BROOKLYN: St. Ann’s Warehouse, a global cultural institution in Brooklyn, now has a permanent place to call home along the waterfront. On Oct. 6, founding artistic director Susan Feldman, the company’s staff, government officials, and the building’s design team celebrated the opening of the theatre in its new space under the Brooklyn Bridge with a ribbon-cutting ceremony.
“It’s a dream come true and a blessing to know that culture will play a leading role in perpetuity as part of Brooklyn Bridge Park and the New York waterfront,” said Feldman in a statement.
Founded in 1980, the theatre takes up its new home in the historic 1860s Tobacco Warehouse, which has been used as a space for art installations and was most recently a location for Brooklyn’s Smorgasburg, a weekend foodie destination. The $31 million revitalization of the iconic warehouse is a welcome addition to the burgeoning Brooklyn Bridge Park.
The opening ceremony began with guests marveling at the 25,000-square-foot space, where the entrance is steps away from Jane’s Carousel, and the lobby windows look out onto the East River. The space also houses the company’s first permanent staff offices. The company plans to roll out more openings—a lab, studio, and a public open-air garden—later this year. “We never had a support space before, or a lab space,” said Feldman, who said they’ll be renting it out to community groups on a sliding scale.
The Civil War-era Tobacco Warehouse seems like a perfect space to house the company, whose previous dwellings included a church, an old spice milling factory on Water Street, and a warehouse on Jay Street in Dumbo. The warehouse’s brick walls remain, but the previously open-air structure is now enclosed. The building includes the original pointed arch doorways and windows, and a new clerestory of glass blocks—perhaps an homage to the company’s very first digs, which gave it its name: the gothic-style St. Ann’s and the Holy Trinity Church in Brooklyn Heights.
“We won’t be trading goods, as in the Tobacco Warehouse’s industrial past, but thanks to our board, the city, the park, and the many friends who shared this dream, we will be trading in arts and performances for years to come,” said Feldman in a statement.

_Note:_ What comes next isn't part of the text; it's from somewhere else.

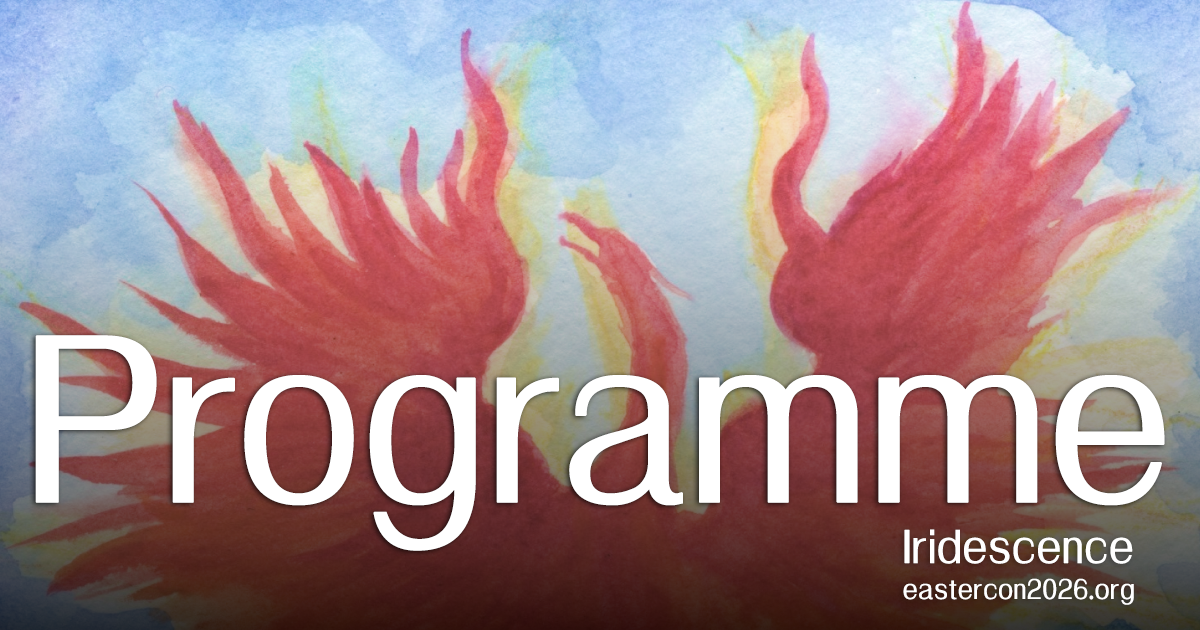 We have various items on programme that are either child-friendly or specifically for children to take part in. In particular, we are planning a session for any child who’d like to give a ten-minute talk (with slides if you want) about something they are passionate about, to a small and friendly audience. We’ve got three volunteers already but room for one or two more! Get in touch at programme@eastercon2026.org to let us know if you’d like to do this.

The Tobacco Warehouse is one of a few remaining such warehouses from the New York Dock Company’s original structures. “Ordinary people like us never had access to it—until now,” said Feldman in a statement. “It reclaims the waterfront for anyone and everyone; our rainbow, our melting pot, our uniter.”
The road from a performance space in a church to the permanent fixture in Dumbo was arduous for the company. “Despite lawsuits and disappointments, Susan Feldman nurtured our dream that the Tobacco Warehouse would become our home,” said the company’s board chairman, Joseph S. Steinberg, at the opening celebration.
“Now it is open, but we have so many little details,” added Feldman. “The building isn’t finished, the contractors are still here. But this brings us closer to being open, and that is the best feeling.”
In true St. Ann’s Warehouse fashion, the ceremonious ribbon-cutting wasn’t a dry ceremony but a piece of performance art. After public officials made remarks, the swift drop of a kabuki curtain revealed a tuba octet. The theatre house was suddenly lit by natural light through glass bricks, with the rise of window curtains timed the the music. The band, led by Jherek Bischoff, christened the performance space by playing musical tributes to artists such as Lou Reed, David Bowie, and Marianne Faithfull, all of whom have produced work with St. Ann’s Warehouse.
“I want to remember two people whom I especially miss today, because I am sure they still have a hand in what is going on: Ron Feiner and Lou Reed,” said Feldman, referring to a longtime board member who died in March, and to the late rocker. “They taught me to make the deal and not compromise at the same time.”
The inaugural season of St. Ann’s Warehouse will begin with the Donmar Warehouse‘s all-female production of Henry IV (Nov. 6–Dec. 6). Next will be the American premiere of The Last Hotel (Jan. 8–17, 2016), a new opera by Donnacha Dennehy and Enda Walsh. St. Ann’s Warehouse Puppet Lab will present a festival of new works called LABAPALOOZA! (Jan. 28–31, 2016). Another highlight will be the New York premiere of American Repertory Theater‘s production of Nice Fish (Feb. 14–March 13, 2016), by Mark Rylance and Louis Jenkins. Next is the American premiere of the Young Vic‘s production of A Streetcar Named Desire (April 23–May 22, 2016). Following will be NoFit State‘s circus performance Bianco (May 3–29, 2016).
“This space is designed to do what we have done in our other two warehouses—we can reconfigure and transform it, and every show this year will use it differently,” said Feldman. “Just wait until you see Henry IV!”